Ações legais e internacionais: Perseguindo empresas de vigilância

Em um passo de escalada para 2026, o Congresso Mundial Uyghur iniciou processos judiciais na Espanha e na França contra empresas de tecnologia chinesas envolvidas na repressão aos Uyghurs [Source](https://www.table.media/en/uyghurs-security-risk-turkey/). Essas ações visam responsabilizar as empresas que fornecem ferramentas de vigilância biométrica e reconhecimento facial usadas para monitorar fiéis e rastrear os movimentos de muçulmanos no Turquestão Oriental [Source](https://www.uyghurcongress.org/en/weekly-brief-20-february-2026/).

Uma delegação do Congresso também participou do "Fórum Mundial 2026" (World Forum 2026) na Suíça, onde Rushan Abbas proferiu um discurso impactante diante de figuras internacionais, destacando o sofrimento das mulheres Uyghurs com a esterilização forçada e o aborto sistemático, práticas que visam interromper a linhagem dos muçulmanos na região [Source](https://www.uyghurcongress.org/en/weekly-brief-20-february-2026/).

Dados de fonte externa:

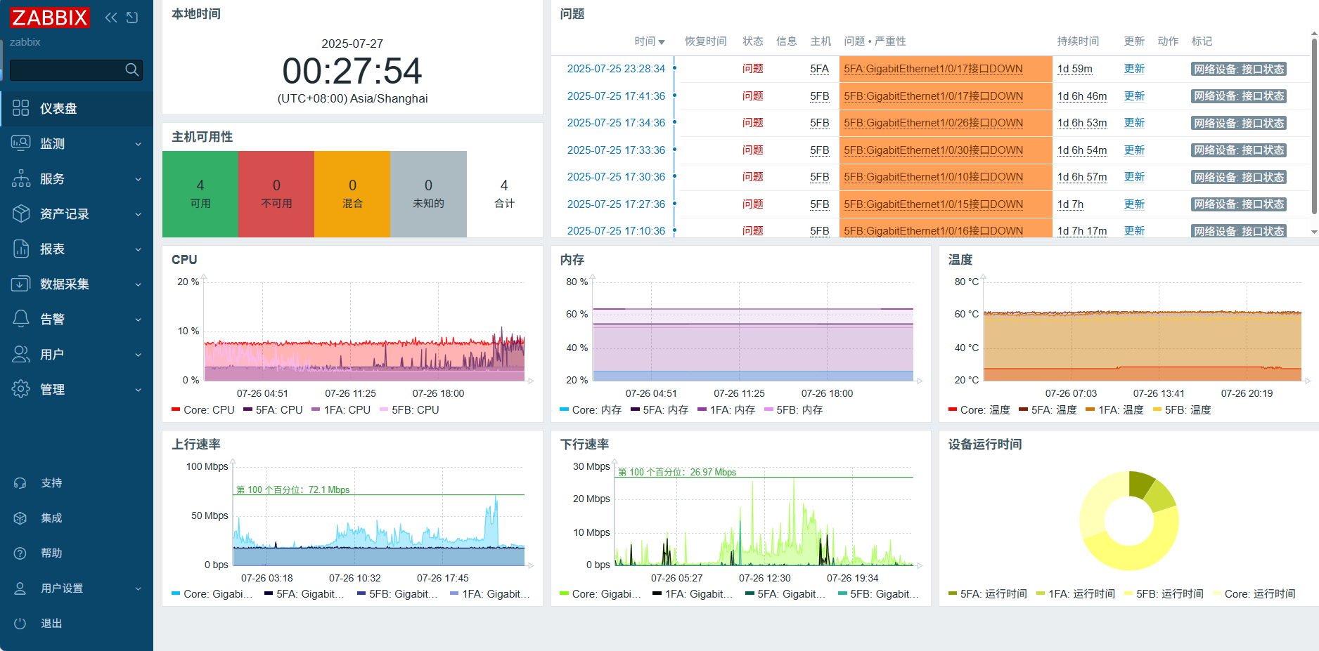 网络监控 熟悉通过zabbix平台监控网络设备状态、上下行网络流量
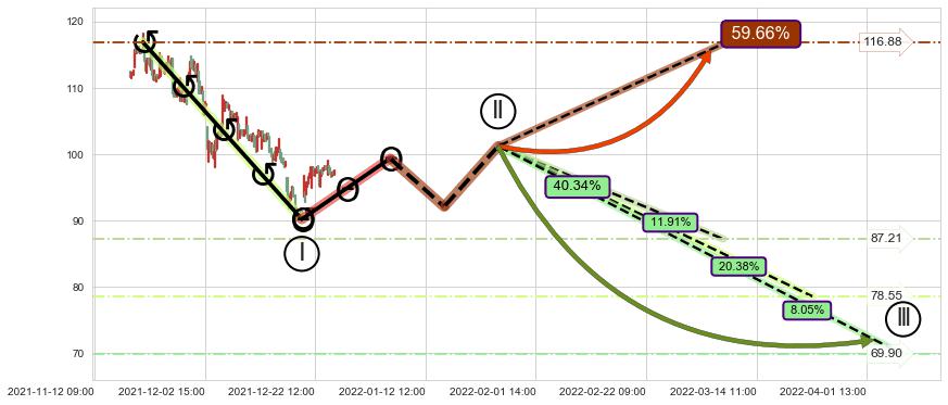 ♘ 阻力价格位115.77,可信任强度55.35%,距离最后交易2021-12-27 16:00形成的收盘价格97.44相差 +18.82%
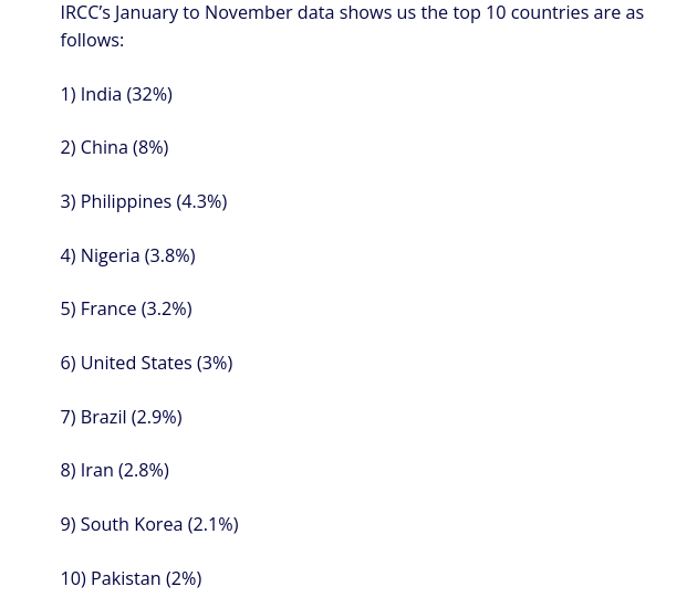 印度在2021年仍然是加拿大最大的新移民來源地,占了2021年移民人數的32%。中國是第二大來源地,占8%,約有32,424名來自中國的人士成為加拿大的永久居民。
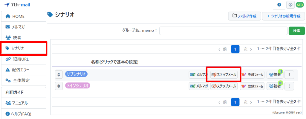 ステップメールを設定するシナリオの「ステップメール」をクリックします。
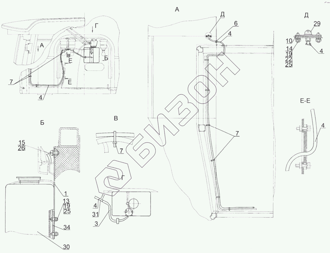 Графический каталог запасных частей к технике: МТЗ 1523.5. Установка стеклоомывателя
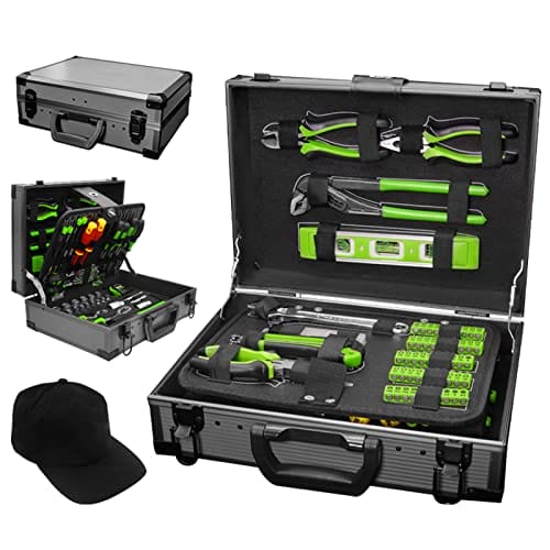 - 【114 Werkzeuge】Der Werkzeugkasten enthält Zangen, Schraubenschlüssel, Schraubenzieher, Wasserwaagen, Scheren und Hämmer. Die Werkzeuge sind aus Chrom-Vanadium-Stahl und Kohlenstoffstahl für Stärke und Haltbarkeit, die alle von Standard-oder an der Spitze der Industrie in Bezug auf Qualität sind gemacht.
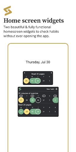 - การเข้าถึงอย่างรวดเร็วในการตรวจสอบนิสัยจากวิดเจ็ตหน้าจอหลัก & การแจ้งเตือน
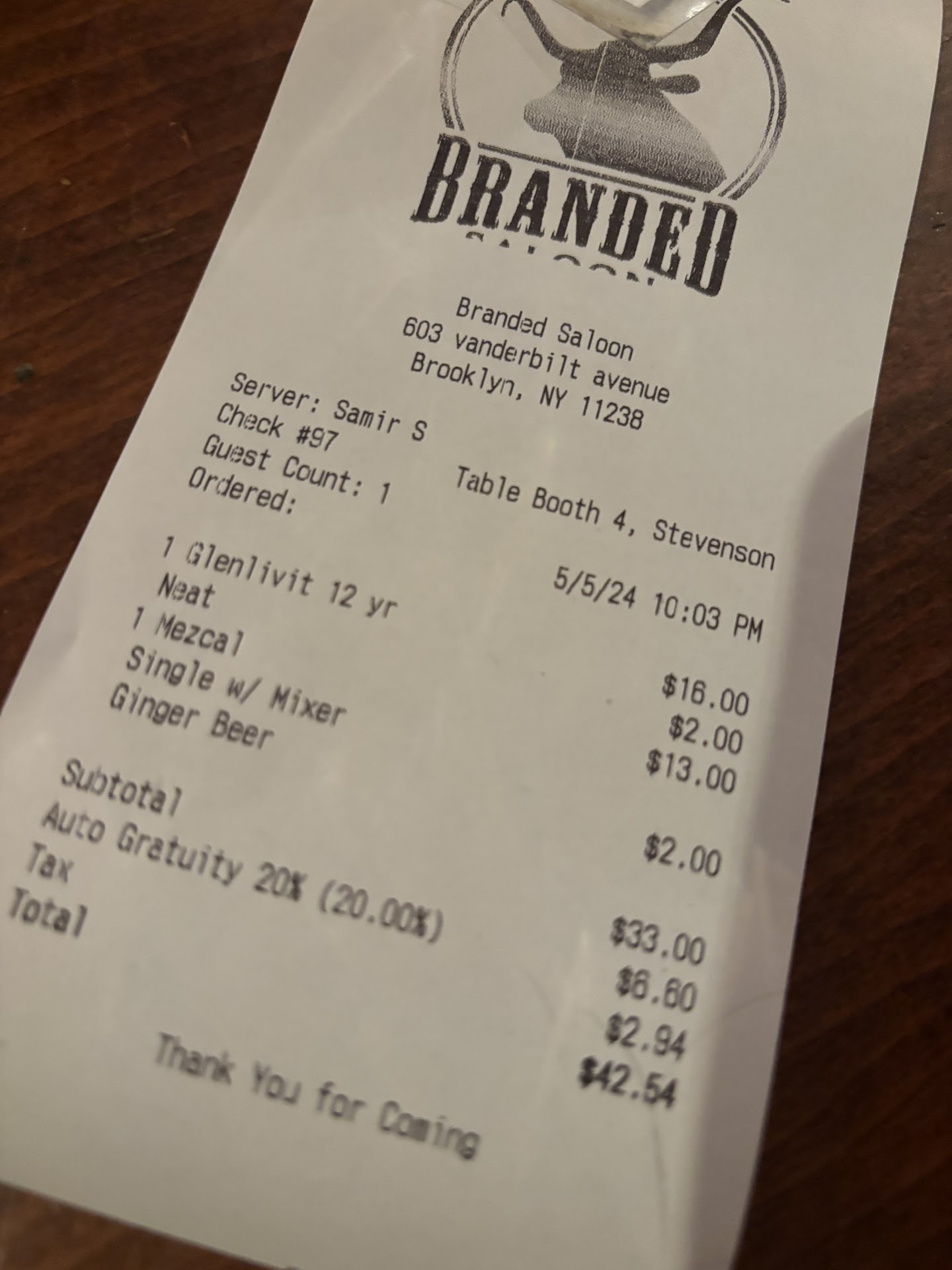 Read moreWent here after a show at the Barclay's. Sat up front, but there was a leaky AC vent, so we went to the back. Server took about 10 minutes to check in. Food and drinks came out in pretty good time, but the table was really dirty. When we asked for it to be cleaned, server took the napkins she brought with our food to wipe the dirt in circles and basically just spread it out (no wet rag or anything to actually clean it). The food was not so good - typical bland 2am drunk bar food, except we weren't drunk. The bar was extremely limited and they charged top dollar for bottom shelf liquor. We asked for water and they brought it in a used rose bottle. It tasted like shower water that had sat for 3 days in a cooler. Waiter never came back to check on us or to give bill or to know I needed utensils. Went to register to pay bill and I wasn't handed a receipt. I paid cash then doubled back to ask for receipt to understand how two drinks and $15 entrees was so much. Turns out there was an automatic 20% gratuity, which on top of the tip I gave, made the full tip 50% of my bill! I was appalled that they didn't even mention there was an automatic tip when I told them the change was a tip. They were legit going to keep my money. I thought that was very dirty to do!! I wont ever go...

Perspectivas futuras: Cúpula de Munique 2026 e além

O Congresso Mundial Uyghur está se preparando para realizar a **"3ª Cúpula Uyghur e Cúpula da Juventude Uyghur"** em Munique, de 23 a 25 de maio de 2026 [Source](https://uygurnews.com/february-2026-uygur-news/). Esta cúpula visa desenvolver uma estratégia de longo prazo para enfrentar a crescente influência chinesa na Ásia Central e proteger os refugiados Uyghurs em países como Tailândia e Turquia, que enfrentam o risco de deportação forçada [Source](https://uygurnews.com/february-2026-uygur-news/).

A mensagem que o Congresso envia hoje é a necessidade de ativar a arma do boicote econômico a produtos ligados ao trabalho forçado e o apelo aos governos islâmicos para que revisem os acordos de extradição com a China, que podem ser usados como ferramenta para sequestrar ativistas muçulmanos [Source](https://www.shiawaves.com/arabic/news/123456-المؤتمر-العالمي-للأويغور-يدعو-بريطانيا-لمواجهة-الصين/).

Conclusão: Apoiar os oprimidos é um dever religioso e humanitário

O Congresso Mundial Uyghur continua sendo a voz que clama no deserto do silêncio internacional, lembrando ao mundo que existem milhões de muçulmanos privados de seus direitos mais básicos de adoração e de uma vida digna. Apoiar esses oprimidos não é apenas uma escolha política, mas um dever religioso imposto pelo pertencimento à Nação Islâmica. Com a nova liderança e as intensas movimentações jurídicas em 2026, os Uyghurs renovam seu compromisso de resistência, acreditando que o direito não morre enquanto houver quem o reivindique, e que a noite da injustiça no Turquestão Oriental será inevitavelmente seguida pelo amanhecer da liberdade e da justiça.